**MATERIALS PROVIDED**
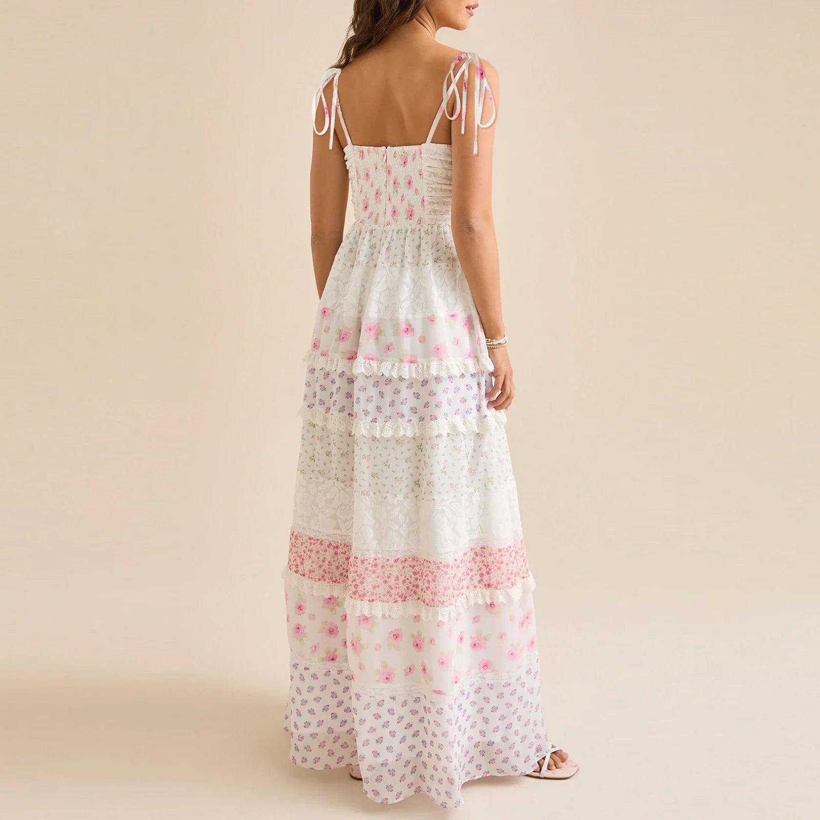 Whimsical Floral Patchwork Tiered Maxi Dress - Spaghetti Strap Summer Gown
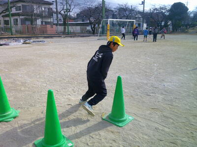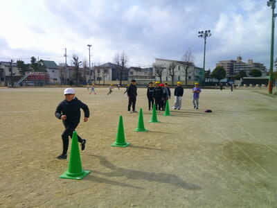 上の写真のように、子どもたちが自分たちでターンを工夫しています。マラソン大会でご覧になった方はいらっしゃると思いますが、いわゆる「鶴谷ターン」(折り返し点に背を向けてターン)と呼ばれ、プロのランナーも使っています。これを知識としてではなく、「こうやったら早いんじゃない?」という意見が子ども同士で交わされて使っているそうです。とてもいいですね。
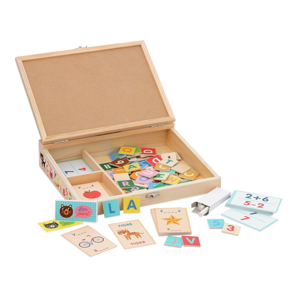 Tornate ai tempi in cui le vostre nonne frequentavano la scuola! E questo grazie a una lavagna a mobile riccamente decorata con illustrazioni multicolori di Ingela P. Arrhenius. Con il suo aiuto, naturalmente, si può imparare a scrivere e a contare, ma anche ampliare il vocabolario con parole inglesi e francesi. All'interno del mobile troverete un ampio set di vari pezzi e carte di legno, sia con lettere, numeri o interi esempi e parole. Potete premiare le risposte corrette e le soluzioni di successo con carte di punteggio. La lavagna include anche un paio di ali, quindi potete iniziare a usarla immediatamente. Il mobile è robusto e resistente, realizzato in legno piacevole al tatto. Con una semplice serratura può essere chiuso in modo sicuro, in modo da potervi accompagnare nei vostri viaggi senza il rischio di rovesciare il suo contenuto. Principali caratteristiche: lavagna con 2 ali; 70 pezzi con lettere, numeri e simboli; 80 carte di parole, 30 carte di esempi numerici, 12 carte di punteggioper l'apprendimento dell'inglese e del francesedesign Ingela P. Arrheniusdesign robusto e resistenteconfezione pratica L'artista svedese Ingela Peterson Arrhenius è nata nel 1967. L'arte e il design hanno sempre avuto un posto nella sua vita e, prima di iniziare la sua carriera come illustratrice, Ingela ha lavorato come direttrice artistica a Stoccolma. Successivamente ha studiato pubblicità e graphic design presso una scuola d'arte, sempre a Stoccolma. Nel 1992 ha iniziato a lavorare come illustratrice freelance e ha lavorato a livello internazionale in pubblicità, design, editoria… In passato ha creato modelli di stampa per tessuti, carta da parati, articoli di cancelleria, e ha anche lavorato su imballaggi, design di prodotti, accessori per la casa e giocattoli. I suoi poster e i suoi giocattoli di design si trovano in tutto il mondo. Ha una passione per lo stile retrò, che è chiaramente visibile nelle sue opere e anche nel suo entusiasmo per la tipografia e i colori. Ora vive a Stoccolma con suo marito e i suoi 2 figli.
* * *
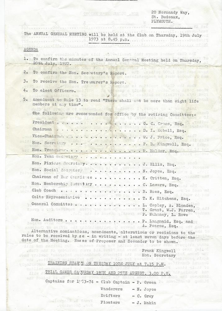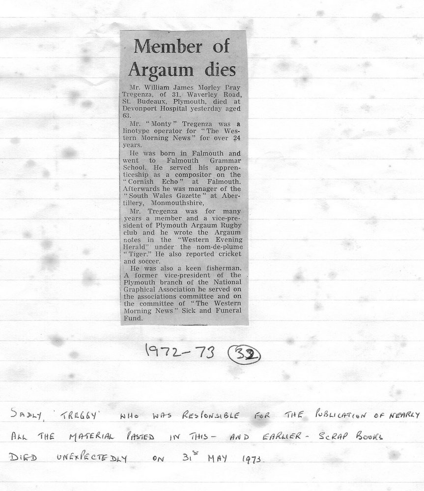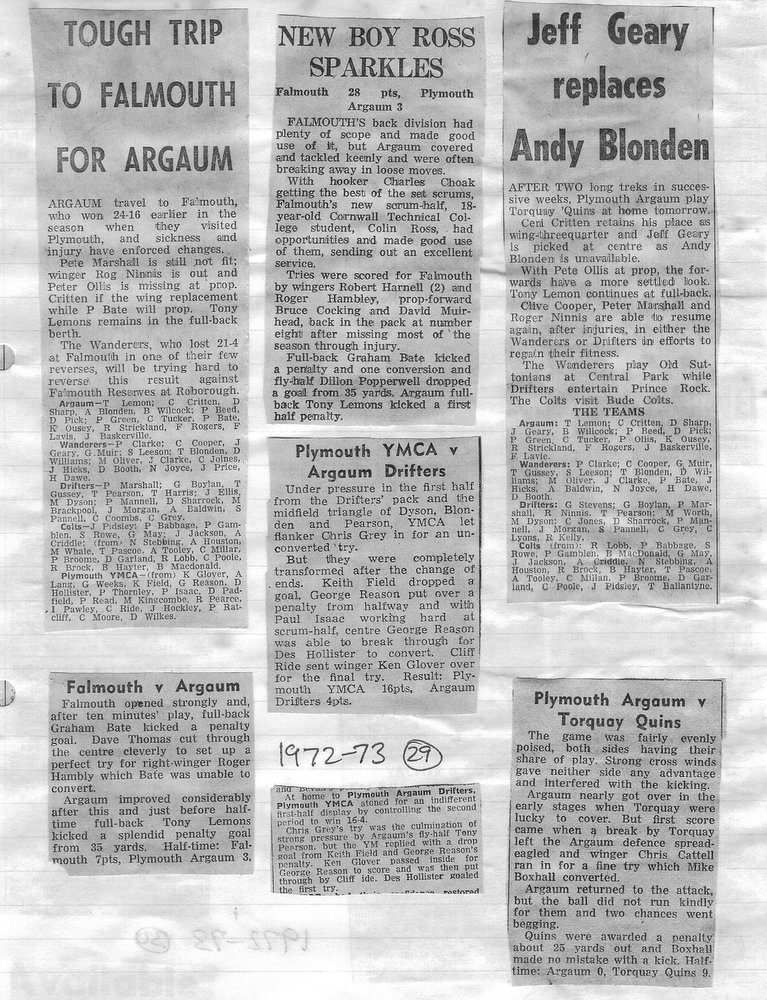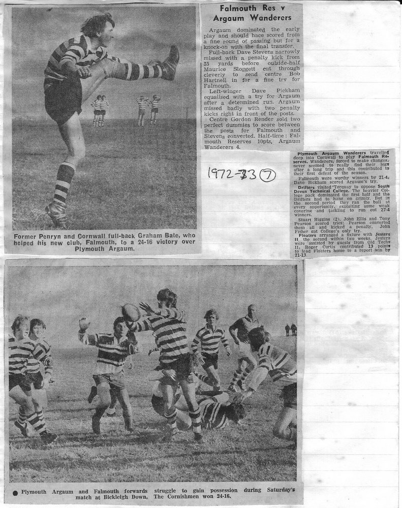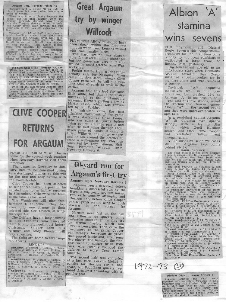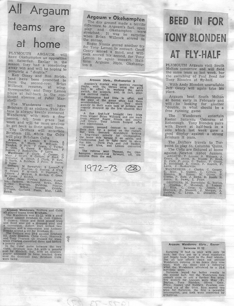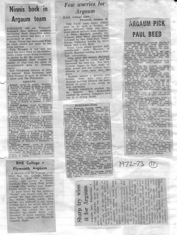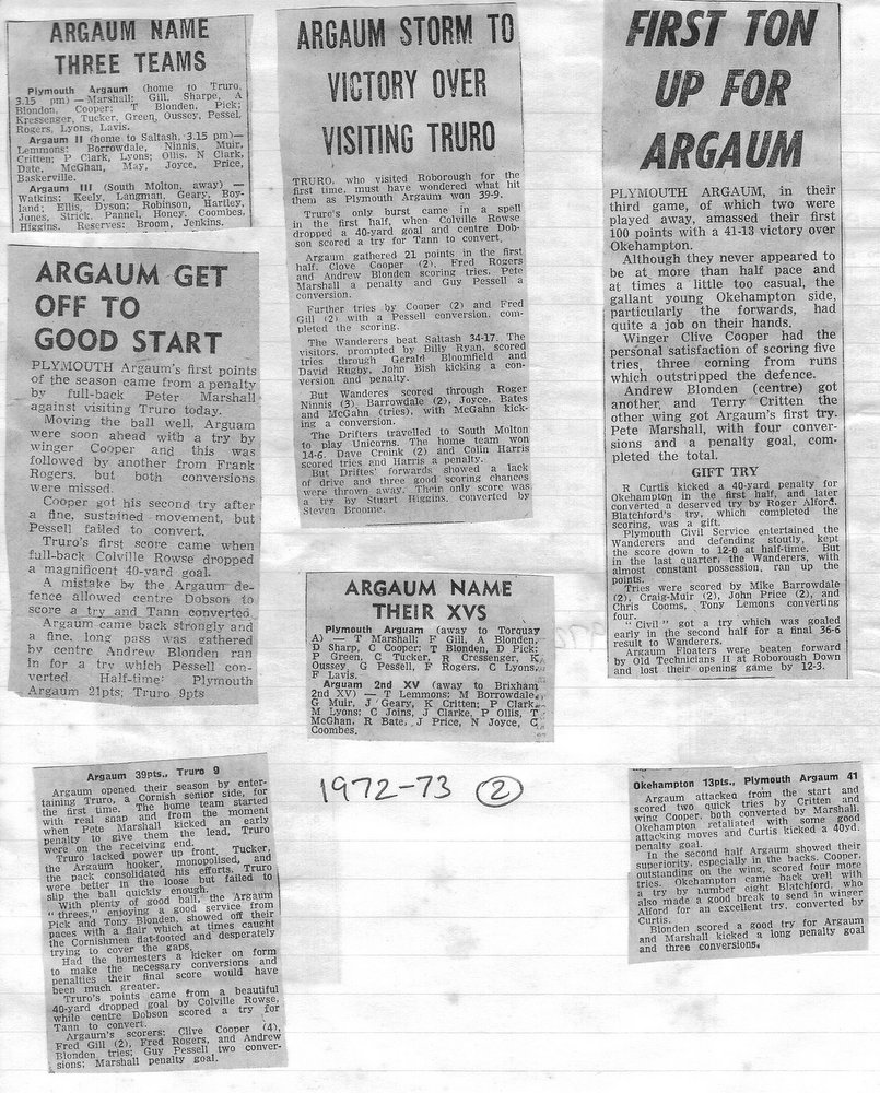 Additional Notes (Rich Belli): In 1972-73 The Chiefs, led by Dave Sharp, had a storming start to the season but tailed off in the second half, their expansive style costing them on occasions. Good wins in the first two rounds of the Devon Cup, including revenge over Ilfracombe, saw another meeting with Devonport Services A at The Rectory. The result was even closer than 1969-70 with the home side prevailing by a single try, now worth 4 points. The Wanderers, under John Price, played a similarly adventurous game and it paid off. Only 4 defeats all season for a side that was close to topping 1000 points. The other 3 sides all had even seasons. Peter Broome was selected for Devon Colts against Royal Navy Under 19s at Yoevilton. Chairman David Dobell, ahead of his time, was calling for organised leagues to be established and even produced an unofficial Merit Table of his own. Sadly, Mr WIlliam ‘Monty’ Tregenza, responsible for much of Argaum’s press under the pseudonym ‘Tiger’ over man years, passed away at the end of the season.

**ASSIGNED TASK**
When copying from the data above, begin at the line containing "Whimsical Floral Patchwork" and end at the line containing "上の写真のように、子どもたち"; return those lines exactly and leave all pictures behind.

**FINAL ANSWER**
 Whimsical Floral Patchwork Tiered Maxi Dress - Spaghetti Strap Summer Gown
 上の写真のように、子どもたちが自分たちでターンを工夫しています。マラソン大会でご覧になった方はいらっしゃると思いますが、いわゆる「鶴谷ターン」(折り返し点に背を向けてターン)と呼ばれ、プロのランナーも使っています。これを知識としてではなく、「こうやったら早いんじゃない?」という意見が子ども同士で交わされて使っているそうです。とてもいいですね。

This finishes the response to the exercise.